For normalization, nine layers of deuterated imatinib (imatinib-D8) were deposited on the slides using a SunCollect sprayer (SunChrom GmbH, Friedrichsdorf, Germany): 2.5 pmol/µL solution, flow rate 15 µL/min, spray head distance 45 mm and speed 300 mm/min. Slides were stored in a desiccator at room temperature for one hour to allow drying of the IS. For positive-ion mode measurements, five layers (flow rates of 10, 15, 3 × 20 μL/min) of 2,5-Dihydroxybenzoic acid (DHB) matrix (60 mg/mL in 50% acetonitrile, 0.5% Trifluoroacetic acid) were subsequently sprayed onto the tissue at 300 mm/min as described previously41.

MALDI-TOF-qMSI data acquisition was performed on an ultrafleXtreme MS using flexControl 3.4 (Bruker Daltonics GmbH; for instrument parameters, see Supplementary Methods). High-resolving-power MSI (m/z 150–3000; R: 260,000 at m/z 300) was recorded in positive-ion mode on a solariX 7T XR FTICR mass spectrometer (Bruker Daltonics). The raster width was 200 μm for calibration curves for quantification and 50 μm for all human samples. The instrument was calibrated externally using quadratic mass calibration with peptide calibration standard II including dasatinib (m/z 488.21). For imatinib calibration curves, equal square-sized measurement areas containing identical pixel numbers were defined over each calibration spot by an in-house MATLAB tool.

Data import, conversion and preprocessing

A total of 48 MALDI-TOF- and three MALDI-FTICR- qMSI-datasets were acquired and exported into imzML format42 using flexImaging 4.1 (Bruker Daltonics) with a binning rate of 120,000. The imzML datasets were subsequently imported into R 3.3.1 (R Foundation for Statistical Computing, Vienna, Austria)43 using MALDIquantForeign and processed using MALDIquant packages44. Mass spectra were normalized to the maximum peak intensity over the mass range m/z 502.32 ± 100 ppm (MALDI-TOF-qMSI) and ±10 ppm (MALDI-FTICR-qMSI) of the sprayed IS imatinib-D8. Neither baseline correction nor further pre-processing of spectra were performed. All subsequent analysis and visualization (mainly with ggplot2 and fmsb packages) were performed using R.

Regression models and quantification

Linear regression analysis for calibration of the spotted imatinib dilution series was performed as described in9,10. Nonlinear regression was performed by fitting a power function as a calibration curve in the form of y = axb + c model (for details see Supplementary Methods; Calibration Curves). For MALDI-qMSI of imatinib in tissue, the mean intensity of signal-bearing pixels, i.e. imatinib signal with signal to noise ratio (S/N) ≥ 3, of each tissue section was plugged into the fitted nonlinear regression model.
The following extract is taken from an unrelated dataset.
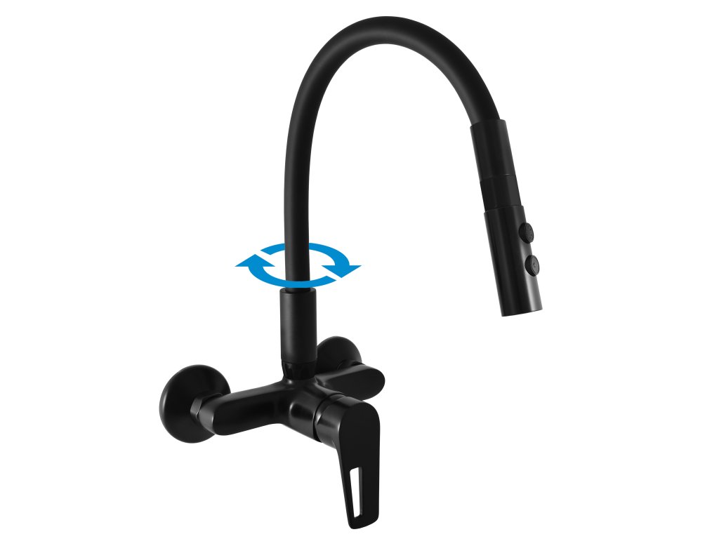 COLORADO - смеситель кухонный настенный с гибким изливом, цвет черный матовый, арт. CO202.5/12CMAT, RAV Slezák

The limits of detection (LOD) and quantification (LOQ) in this study were computed as mean of all individually fitted calibration curves (48 for MALDI-TOF-qMSI and 3 for MALDI-FTICR-qMSI; see Supplementary Fig. S4). To assess imatinib ion suppression within different tissues, TEC10 was calculated as the ratio of the mean intensity of the deuterated IS (m/z 502.32 ± 100 ppm) within each tissue section to its mean intensity in the IS and matrix control area. RSE was used for quality of fit comparison, as R2 is not defined for nonlinear fits45.